若年性認知症という病気って???

若年性認知症とは、40歳から64歳に発症した初老期認知症に、18歳から39歳までに発症した若年期認知症を加えた認知症の総称で、令和2年の有病率は2000人に1人と言われています。認知症を引き起こしている原因はアルツハイマー病や頭部外傷・神経系の変性疾患等で、脳細胞の死滅により、知覚・判断・想像・推論・決定・記憶・言語理解等の高次な機能に障害が生じ、日常生活全般に支障が出てくるようになります。

働き盛りのお父さんをはじめ、活動が盛んな若い世代のため、診断を受けると大きなショックが伴い「早期絶望」とも言われるほどです。「信じられない」「認めたくない」という気持ちから、疑われる症状が出始めてから診断を受けるに至るまでに時間がかかるという特徴があります。また、認知症の診断を受けてからも、介護保険等のサービスを受け始めるまでにも時間がかかります。

横浜の若年性認知症の患者数

横浜市の人口が約377万人ですので、その人口に有病率0.0005%を掛けると1,885人(推定)となります。2000人に1人と聞くと少ない割合に感じますが、1,885人と聞くと決して少なくない人数です。

若年性認知症の方の支援体制

診断後、介護保険の各種サービスが利用できるようになっても、高齢者向けのデイサービス等は利用者の年代の違いから利用がためらわれがちです。また、老齢期の認知症より患者が少ないため、問題を共有できる身近な相手が見つからず、家族内で悩みを抱え込んでしまいがちな事も問題点として挙げられます。
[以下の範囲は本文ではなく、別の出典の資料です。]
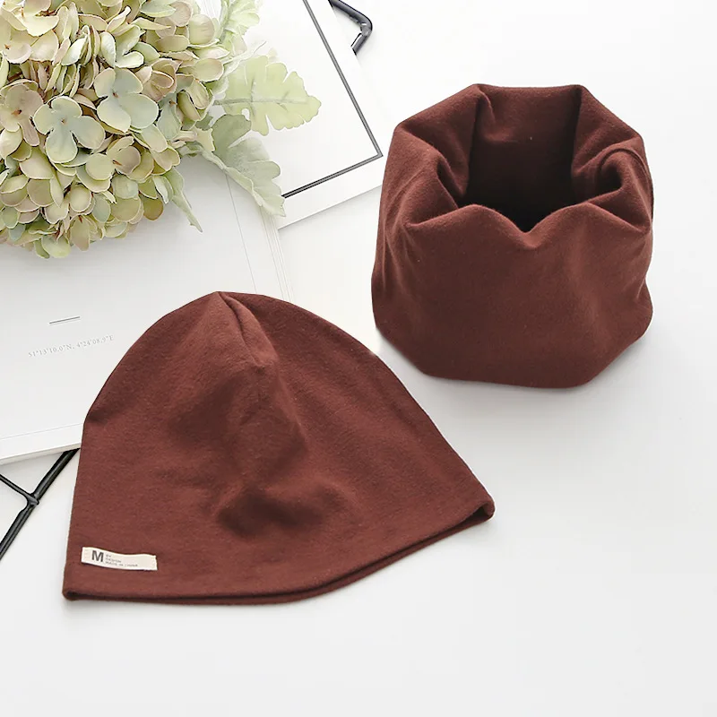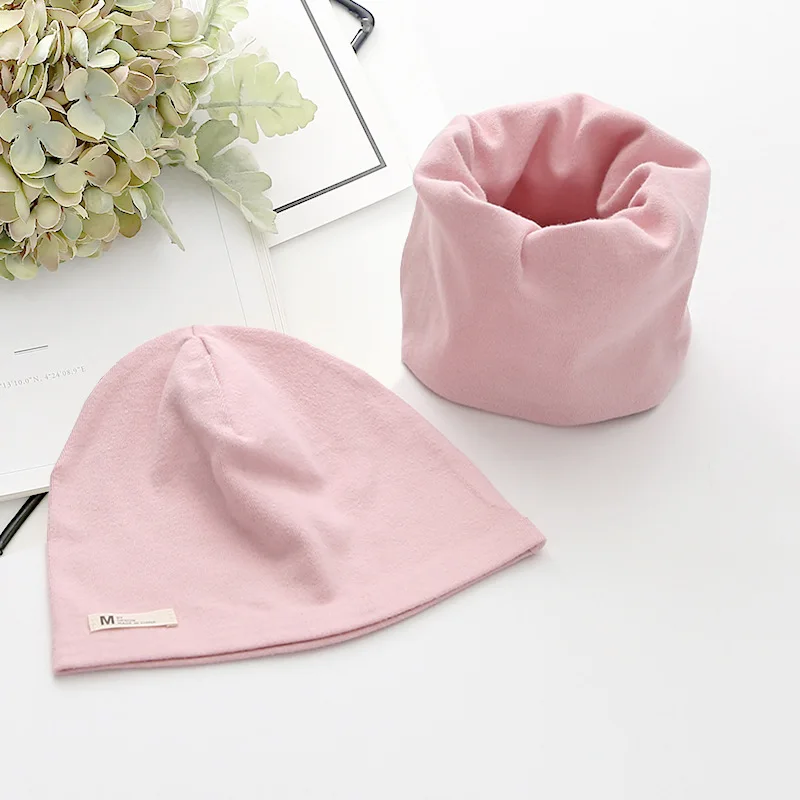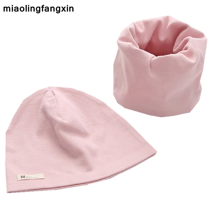 Новинка; Модный комплект шапки для девочек; Однотонный детский головной убор; Сезон весна; Теплый воротник; Детские шапочки; Хлопковые детские шапки; Шарф

そのため横浜市では、専門機関と連携し必要な助言を行う若年性認知症支援コーディネーターの配置や、本人同士・家族同士が気持ちの交流をしたり情報交換が出来る交流の場、利用できるサービスや支援制度を掲載した支援者用ツールなどの支援体制が設けられています。

横浜唯一の若年性認知症支援デイサービス

様々な支援があるなか、その支援は‘初期’‘中期’‘後期’と分断されがちなところがあります。そのため‘初期から後期まで’継続しながら、若年性認知症の患者さんに寄り添い、症状の進行抑制や緩和を目指しているGrASP-aoba/GrASP-asahiという若年性認知症に特化したデイサービスがあります。若年性認知症のデイサービスは横浜で唯一、全国的に見てもおそらく稀有な存在だと思います。
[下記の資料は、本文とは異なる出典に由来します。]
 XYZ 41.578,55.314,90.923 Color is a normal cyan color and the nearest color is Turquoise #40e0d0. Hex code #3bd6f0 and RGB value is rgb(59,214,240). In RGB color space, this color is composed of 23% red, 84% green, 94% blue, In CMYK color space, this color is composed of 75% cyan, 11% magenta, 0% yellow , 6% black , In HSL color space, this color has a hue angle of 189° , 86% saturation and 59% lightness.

先日そのデイサービスGrASP-aobaに伺うことがありました。利用者の年齢的な幅が広く、50代前後の利用者も多いため、誰が職員で誰が利用者なのか中々分かりませんでした。また、若年性認知症デイサービスはGrASPしかないため、区を超えて通っている方もいらっしゃいました。利用されている方の過ごし方もそれぞれで、読書や体操に散歩、初期認知症の方は提携しているお弁当屋さんから委託されたお弁当の配達・洗浄などをされていました。

まとめ

まだまだ社会的認知の低い若年性認知症。‘若年性’というその性質から、まだまだ支援体制や地域の中での居場所が限られているように感じました。今後、支援体制の拡大や地域の中での居場所が増えることで、若年性認知症になっても`あたりまえの生活‘が継続できる環境がつくられていくことを願っています。